The dearth of long-term investigative reporting on oil spills also obscures the need for policy reform, which reports like InsideClimate's have exposed:
- Should We Require Companies To Notify Officials If They're Transporting Dilbit? InsideClimate's report pointed out that federal regulations do not require pipeline operators to disclose the specific type of crude that their pipelines are carrying, as organizations such as Pipeline Safety Trust have advocated. This contributed to confusion as officials cleaned up the Kalamazoo River spill and decided whether benzene levels were too high for human safety.
- Should We Increase Funding For The Oil Spill Liability Fund? A commission gathered after the BP oil spill recently reminded Congress that it has still not followed through on several of its recommendations. One of those recommendations was to raise the Oil Spill Liability Trust Fund's limit on the funds available to federal agencies responding to a spill. Rep. Ed Markey (D-MA) has lobbied for legislation to end a tax loophole created in a 2011 Internal Revenue Service ruling that allows companies importing dilbit to avoid contributing to the fund.
- Should We Increase Funding For The Agency In Charge Of Pipeline Safety? The New York Times reported in 2011 that the Pipeline and Hazardous Materials Safety Administration (PHMSA) is “chronically short of inspectors and lacks the resources needed to hire more, leaving too much of the regulatory control in the hands of pipeline operators themselves.” President Barack Obama's 2013 budget would increase funding for the agency. Republican Rep. Paul Ryan's budget does not specify how much PHMSA should receive, but it recommended slashing funding for the Department of Transportation, which encompasses PHMSA.
- Should We Study Dilbit Before Building New Pipelines? InsideClimate's Pulitzer-winning report stated: “Some environmental organizations say dilbit is so acidic and abrasive that it's more likely to corrode and weaken pipes than conventional oil. The oil industry disputes that hypothesis. It says dilbit is no different from conventional crude. No independent scientific research has been done to determine who is right.” InsideClimate publisher David Sassoon later stated in an August 2012 New York Times op-ed: "[W]hile [pipeline safety legislation recently passed by Congress] does require a study of how dilbit affects pipeline corrosion, the scientists conducting that study met for the first time only last month, and their work is not likely to be completed before new pipelines are built or old ones are repurposed."

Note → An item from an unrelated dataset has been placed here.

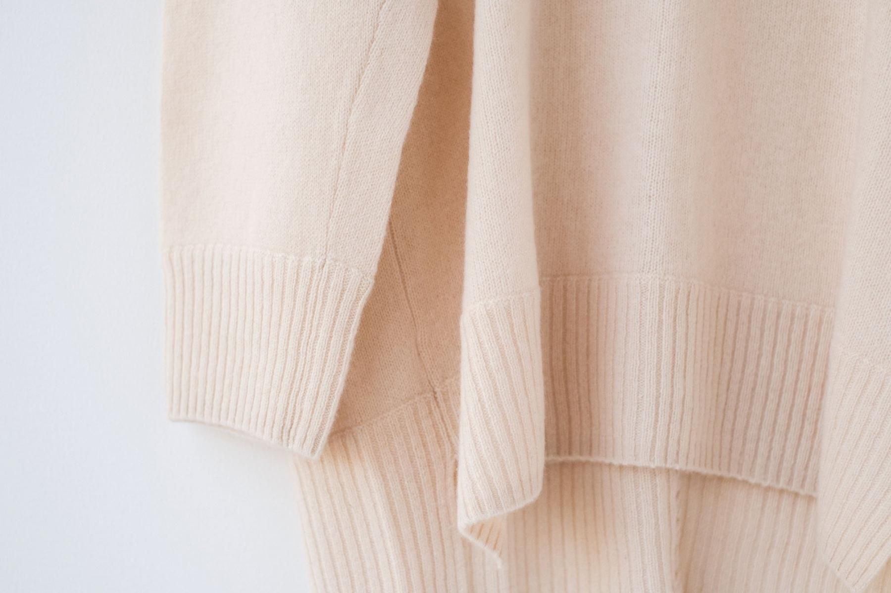 最初はやや不安定に見える編み組織も着込んでいくにつれてカシミア同士が絡み合い良い風合いへと変化していきます。

Covering how underdog InsideClimate won a Pultizer Prize, US News reported that the website looks for “gaps” in the media:
Publications like InsideClimate focus on the “gaps” - a term used by both [publisher David] Sassoon and [Pew's Project for Excellence in Journalism associate director] Jurkowitz - created by the massive staff cuts at newspapers across the country, be it geographical or in niche topics like climate change.
“They're not trying to replicate what the daily news publications do,” says Jurkowitz. Instead by picking a specialty, even staffs as small as theirs can dig into the deep reporting that daily newspapers are doing less and less of.
“We think old-fashioned, shoe leather investigative reporting is the life blood of our democracy. We want to keep that alive,” says Sassoon.
Mainstream media outlets should look hard at these gaps to examine why, for instance, The Wall Street Journal has not won a Pulitzer for news reporting since Rupert Mudoch took over in 2007. InsideClimate's Pulitzer hints at some of the culprits: a press corps with dwindling environmental reporters, a short attention span, and a propensity for stenography over investigative reporting.